# Electric baseboard thermostat problem.



## MattC (Oct 15, 2010)

Hello,

I've recently replaced the thermostat to a bathroom electric baseboard unit. When taking the old thermostat out, I 'thought' I had installed the wires the same way but blew the main breaker.. opps!

This is what I have:
from the wall I have one black and one white wire that belong to the baseboard unit. Then I have two connected black wires and two connected white wires.
I'm trying to install a basic Honeywell dial thermostat. On the back of the thermostat I have two black wires labeled L1 and T1 and two red wires labeled L2 and T2.

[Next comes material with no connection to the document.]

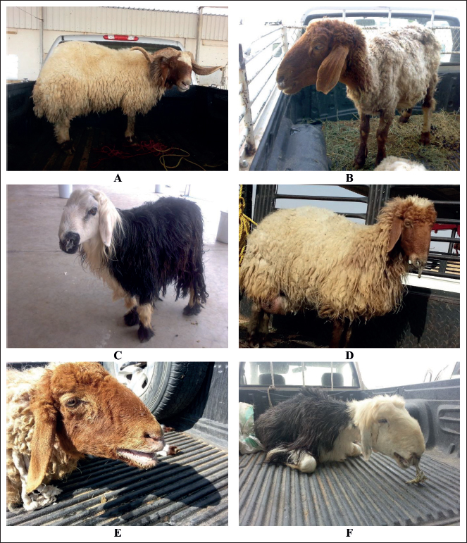 Fig. 1.Different clinical presentations in six sheep with contagious caprine pleuropneumonia. The ram in image A was admitted with a history of inappetence and polypnea. Image B shows a female sheep with a history of decreased weight gain and seromucoid nasal discharge. Images C and D show 2 females with mucoid and mucopurulent nasal discharge. Image E shows a female sheep with open-mouth breathing. Image F shows a female sheep with purulent nasal discharge and open-mouth breathing. In diseased sheep, ultrasonography of the lungs revealed a consolidated pulmonary parenchyma resembling hepatic texture; the lesions were visualized unilaterally in 28 cases and bilaterally in 6 cases. Pleural effusions were the outstanding sonographic findings in all diseased animals. The echogenicity of the pleural fluid ranged from anechoic to hyperechoic, with imaging showing precipitates in the pleural effusion. Fibrin networks were also visualized in 27 animals that were either mild or massive (Fig. 2). Dyspnea symptoms improved in sheep following pleural effusion aspiration. The volume of aspirated pleural fluid was 50–800 ml (Fig. 3). No other sonographic findings were detected in the abdominal cavity. In control sheep, no sonographic abnormalities were detected on thoracic or abdominal imaging.

Can anyone help install this properly?
Thank you.


----------



## kok328 (Oct 15, 2010)

Is this a 240 volt heater (double pole breaker that tripped)?


----------



## MattC (Oct 15, 2010)

Yes it is a 240v heater. And I actually popped the main breaker for my condo.


----------



## kok328 (Oct 15, 2010)

Yea, I just realized you had said Main.
If you could post a pic, that would really help cause I'm kinda lost on the part where you say _"Then I have two connected black wires and two connected white wires."_


----------



## MattC (Oct 15, 2010)

This is what I have.


----------



## kok328 (Oct 15, 2010)

So the two wires on the right went to the heater and the heater is 240 Volt?
If this is the case then the white wire on the right should have 120 Volts and should have had black tape wrapped around it to indicate that it's hot not neutral.  How about a pic of the connection points to the heater and the thermostat?
I just want to be sure what your looking at before telling you how to hook it up.


----------



## paul52446m (Oct 15, 2010)

MattC said:


> Hello,
> 
> I've recently replaced the thermostat to a bathroom electric baseboard unit. When taking the old thermostat out, I 'thought' I had installed the wires the same way but blew the main breaker.. opps!
> 
> ...


 single  Black from box to L1 of stat.  single white in box to T1 on stat. cap off the two reds separately. If its wired the way i think it is at the baseboard unit, then this will work. Later Paul


----------



## kok328 (Oct 15, 2010)

Actually, I was thinking black wire to L1 of the stat, white wire to L2 of the stat and T1 & T2 to the baseboard heater.  However, I want to make sure what he has before we do anything.


----------



## paul52446m (Oct 15, 2010)

I would say by looking at his box that they run 220 to the box black and white, and the run that 220 to the baseboard which would be the other black and white that are tied together and then they wired a cable black and white back to the box to break one line through the stat. alot of guys do it this way. There would not be any neutral wires there.   paul


----------



## MattC (Oct 16, 2010)

Hey guys thanks for all the help.

Just for more clarification. There are three heater units all with their own thermostat wired to one breaker. 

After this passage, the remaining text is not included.